Bonsai 1.7B Hits 442 t/s on M4 Max with Auto-Tuned Metal Kernels

Bonsai 1.7B — a ternary model from PrismML — has been optimized for Apple Silicon using autonomously tuned Metal kernels. The work was performed by ata, an autonomous engineering agent from Agents2Agents, which ran an agentic evolution search for 6 hours to produce custom GPU kernels.

Benchmark Results

Measured against the upstream llama.cpp at the same Bonsai/Q2_0 commit on an M4 Max (same model file, same llama-bench -p 512 -n 128 -r 10 -fa 1 -ngl 99 config):

Decode (tg128): 311.66 → 442.42 t/s (+42.0%)
Prefill (pp512): 4250.32 → 4622.63 t/s (+8.8%)
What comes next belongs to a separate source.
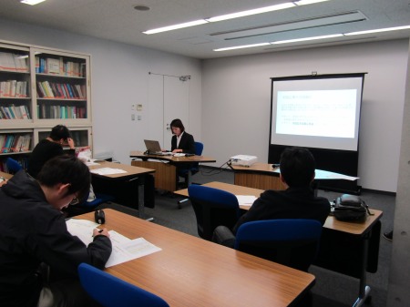 11月6日(火)15時より、博士論文・修士論文・課題研究報告 中間報告会(発表・質疑各20分程度)が開催され、博士課程前期に在籍する2名の学生が修士論文/課題研究報告の研究内容について、博士課程後期に在籍する1名の学生が博士論文の研究内容について報告しました。報告会には教員と在籍生が参加し、活発な質疑応答が行われました。
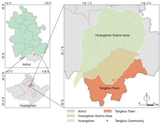 Located in the southern part of Anhui Province, the Huangshan Scenic Area is a typical mountain scenic spot, which is listed in China’s top ten scenic spots together with the Great Wall and the Forbidden City. Huangshan was inscribed on the World Heritage List in 1989 for its unique natural scenery and rare structure of peaks. Tangkou town includes Tangkou community, Zhaixi community, and other four villages, which are located away from the south gate of the scenic area only 1 KM, is a typical heritage community (Figure 1). Historically, Tangkou town was a poor and isolated rural area in China where forest tea was the main crop. Since the development of Huangshan tourism in 1978, Tangkou town has been the main hub for tourists visiting the scenic area, undertakes tourist distribution, accommodation and reception functions, commercial services, and provide accommodation for the staff. The number of tourists has increased every year, people from other parts of Anhui Province or other provinces in China come to Tangkou to work in tourism-related jobs. A corresponding increase in the number of tourist service facilities and practitioners, has promoted the continuous expansion and reorganization of the community. By 1997, Tangkou town had become the largest tourist reception and distribution center of Huangshan, with nearly 400 individual businesses of all kinds in the village, including more than 200 individual hotels with 6000 beds. There is a plethora of small shops and restaurants, and the commercial facilities are extremely dense. The associated influx of migrants has led to a chaotic residential population, environmental degradation, and many social problems.

For context, the Bonsai 8B whitepaper reports MLX-upstream Q2_0 decode at 235 t/s on Apple Silicon. This build achieves 442 t/s on the 1.7B variant via custom Metal kernels (different framework, smaller model — directionally indicative of headroom in the stack).

What's Included

The build is a drop-in optimized inference package for M-series Macs (arm64 only). Inside the 358 MB tar.xz:

chat.sh — interactive REPL
complete.sh — non-interactive completion
bench.sh — reproduce the benchmarks
server.sh — OpenAI-compatible HTTP API on :8080
Bonsai-1.7B-Q2_0.gguf — the model file (442 MB)

Quick Start

tar -xJf bonsai-1.7b-ternary-M4Max.tar.xz
cd bonsai-1.7b-ternary-M4Max
./chat.sh

Technical Details

Every Metal kernel was authored and tuned by ata without human intervention. The work focused on custom GPU kernels at the matvec / FFN / KV-cache layer, shape-specialized for the Bonsai 1.7B Q2_0 decode path. Numerical output matches the reference build (verified top-1 token match). Tested on M4 Max; proportional gains expected on M1+.